◆ SUPPLIED RECORDS
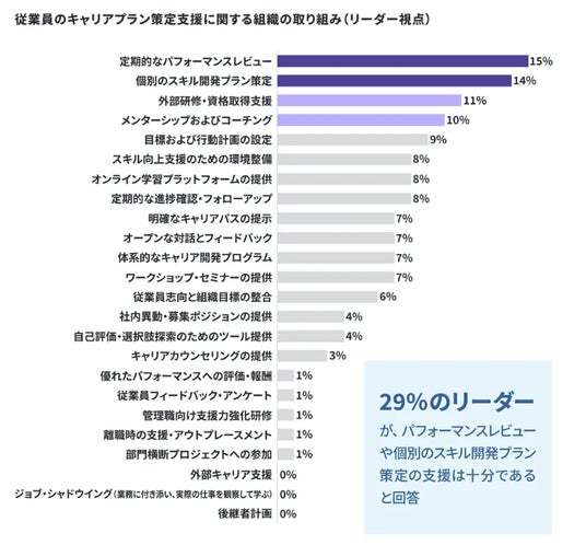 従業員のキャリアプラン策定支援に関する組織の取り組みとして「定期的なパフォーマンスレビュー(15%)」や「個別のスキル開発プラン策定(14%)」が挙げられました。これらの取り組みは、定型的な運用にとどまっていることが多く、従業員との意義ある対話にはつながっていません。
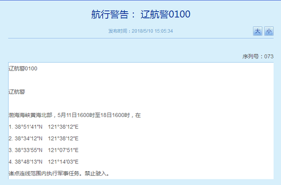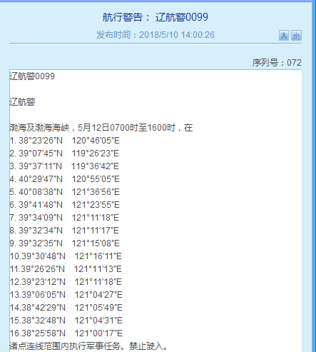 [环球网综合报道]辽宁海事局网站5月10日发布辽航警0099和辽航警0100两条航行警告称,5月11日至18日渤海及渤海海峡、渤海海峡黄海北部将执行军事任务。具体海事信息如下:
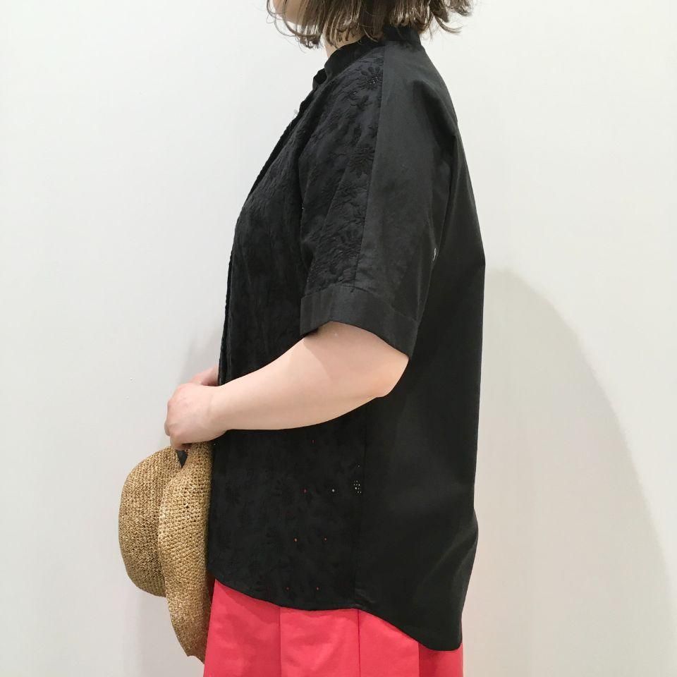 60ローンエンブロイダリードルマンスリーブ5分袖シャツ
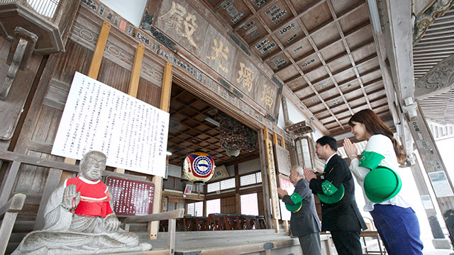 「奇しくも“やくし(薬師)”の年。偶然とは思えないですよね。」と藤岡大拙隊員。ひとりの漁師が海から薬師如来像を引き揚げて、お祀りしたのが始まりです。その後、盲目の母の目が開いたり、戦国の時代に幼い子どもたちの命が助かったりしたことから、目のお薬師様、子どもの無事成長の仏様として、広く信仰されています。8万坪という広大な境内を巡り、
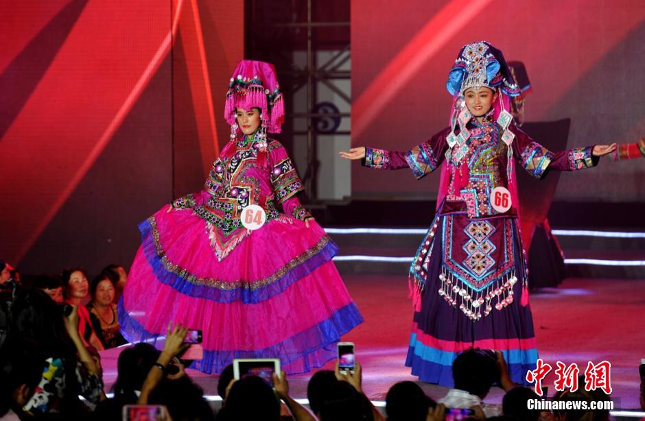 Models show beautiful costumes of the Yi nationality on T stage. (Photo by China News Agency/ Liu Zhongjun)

◆ TRY IT
Leaving the pictures out, copy exactly the lines from the line that contains "[环球网综合报道]辽宁海事局" to the last line of the data, both ends included.

◆ SOLUTION FOR THIS TASK
 [环球网综合报道]辽宁海事局网站5月10日发布辽航警0099和辽航警0100两条航行警告称,5月11日至18日渤海及渤海海峡、渤海海峡黄海北部将执行军事任务。具体海事信息如下:
 60ローンエンブロイダリードルマンスリーブ5分袖シャツ
 「奇しくも“やくし(薬師)”の年。偶然とは思えないですよね。」と藤岡大拙隊員。ひとりの漁師が海から薬師如来像を引き揚げて、お祀りしたのが始まりです。その後、盲目の母の目が開いたり、戦国の時代に幼い子どもたちの命が助かったりしたことから、目のお薬師様、子どもの無事成長の仏様として、広く信仰されています。8万坪という広大な境内を巡り、
 Models show beautiful costumes of the Yi nationality on T stage. (Photo by China News Agency/ Liu Zhongjun)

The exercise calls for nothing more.